Table 4. Records of calibrated groundwater flow model.

The calculated linear coefficient of 0.982 shows optimistic correlation between observed and simulated head values. According to [13], well-calibrated models are anticipated to have linear regression coefficients close to 1. In this case, the calibrated groundwater model can be said to have been well-calibrated.

Scatter plot graph was plotted to demonstrate the comparison amongst observed and calculated heads at 95% sureness interval. The scatter plot demonstrates a good scattering of residual around zero. This defines that there is no prejudice in the calibrated values and the information can be used for more analysis of the groundwater flow model. Figure 11 shows the scatter plot graph for calculated head and observed head for the calibration model.

5. Model Validation

Groundwater flow model was validated using groundwater levels at 3 monitoring wells. The performance statistics for validated model are shown in Table 5.

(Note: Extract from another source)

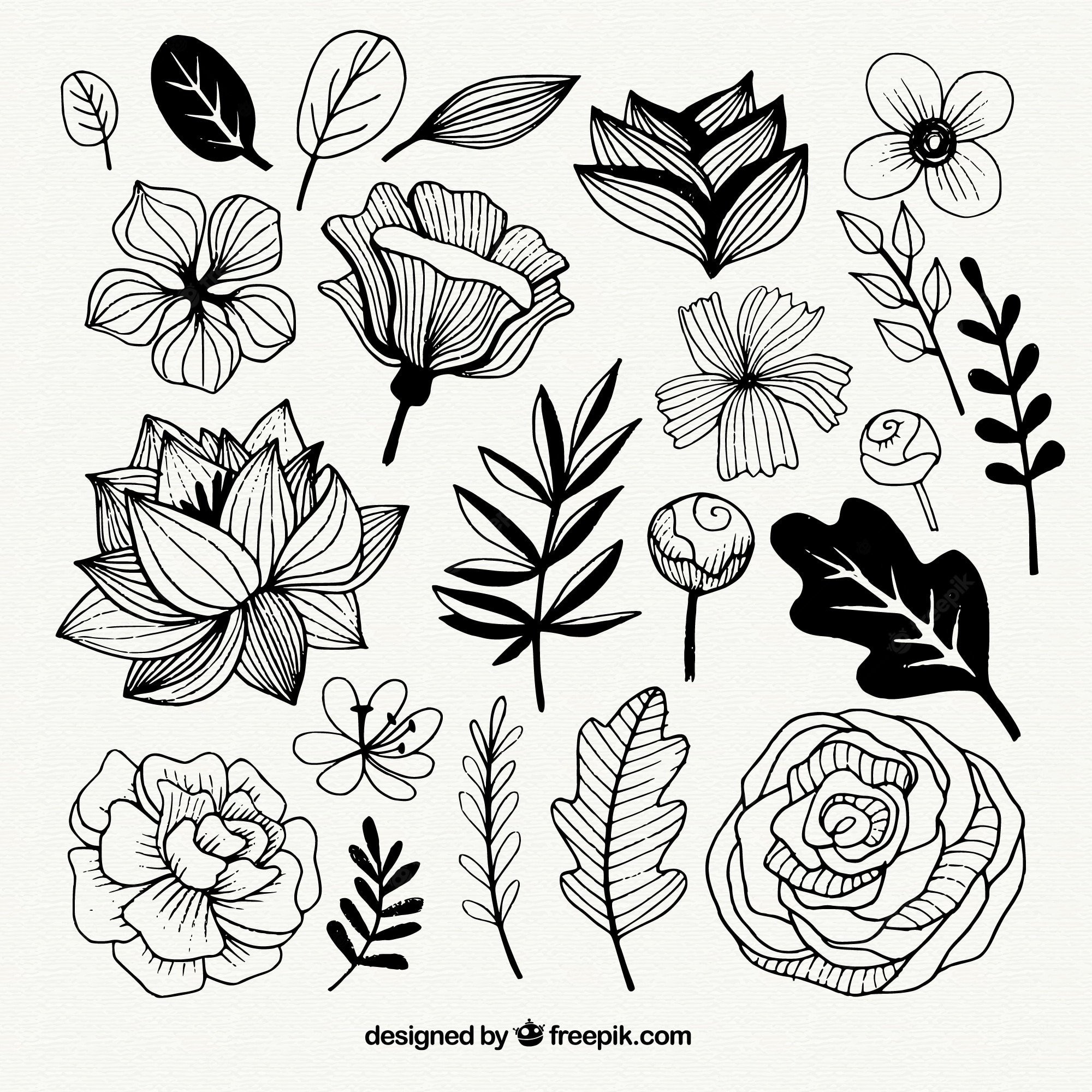 ![Цветы с листьями эскиз]()

The NMRS for validated model was 8.307% which is slightly less than that of the calibrated model (8.405%) by 0.09%. The linear correlation was calculated as 0.988 which was very close to that of the calibrated model. In addition, most of the performance statistics for validation model were within acceptable set criteria.

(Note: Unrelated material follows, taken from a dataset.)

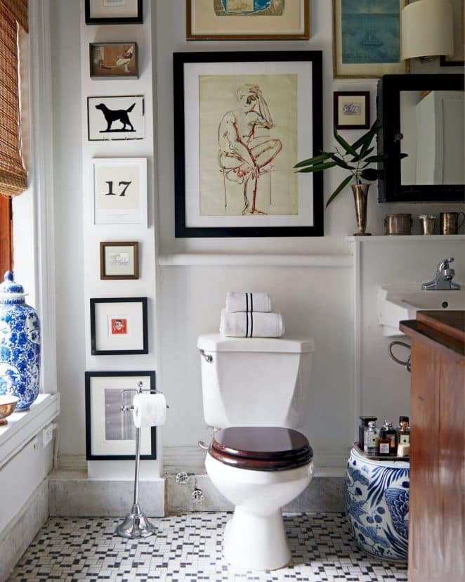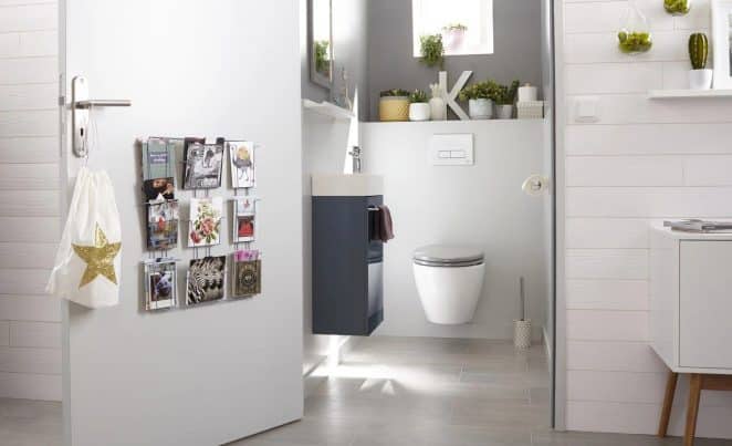 Pourquoi ne pas y exposer souvenirs de vacances, objets coup de cœur, plantes ou photos de famille ? Les toilettes deviennent alors le terrain de jeu déco par excellence.

The scatter plot demonstrates a good scattering of residual around zero as shown in Figure 12, which means that the validated model yielded comparable water elevations for most of the wells. This implies that the validated model can be used for prediction purposes and hence suitable for management of the groundwater aquifer of the study area.

6. Conclusions

Estimation of groundwater recharge has been increasingly implemented in previous studies because of high water demand. The estimation of groundwater recharge using GIS methods resulted in a mean recharge value of 12.04 mm/year which shows a close comparison with previous studies conducted by [11] using Chlorine Mass Balance (CMB) and [4] using Water-TableFluctuation (WTF). This implies that GIS is a potential tool that can be used to estimate groundwater recharge.

Groundwater recharge values can be useful to engineers in decision making for activities such as designing an optimal sustainable groundwater supply system with appropriate groundwater management resources. As the population

Figure 11. Scatter plot graph for calculated versus observed head.

Figure 12. Scatter plot graph for calculated versus observed head.

Table 5. Records of calibrated groundwater flow model.

increases annually, it is therefore necessary to evaluate possible future water demand. These results also help planners to properly plan for future water supply.

Conflicts of Interest

The authors declare no conflicts of interest regarding the publication of this paper.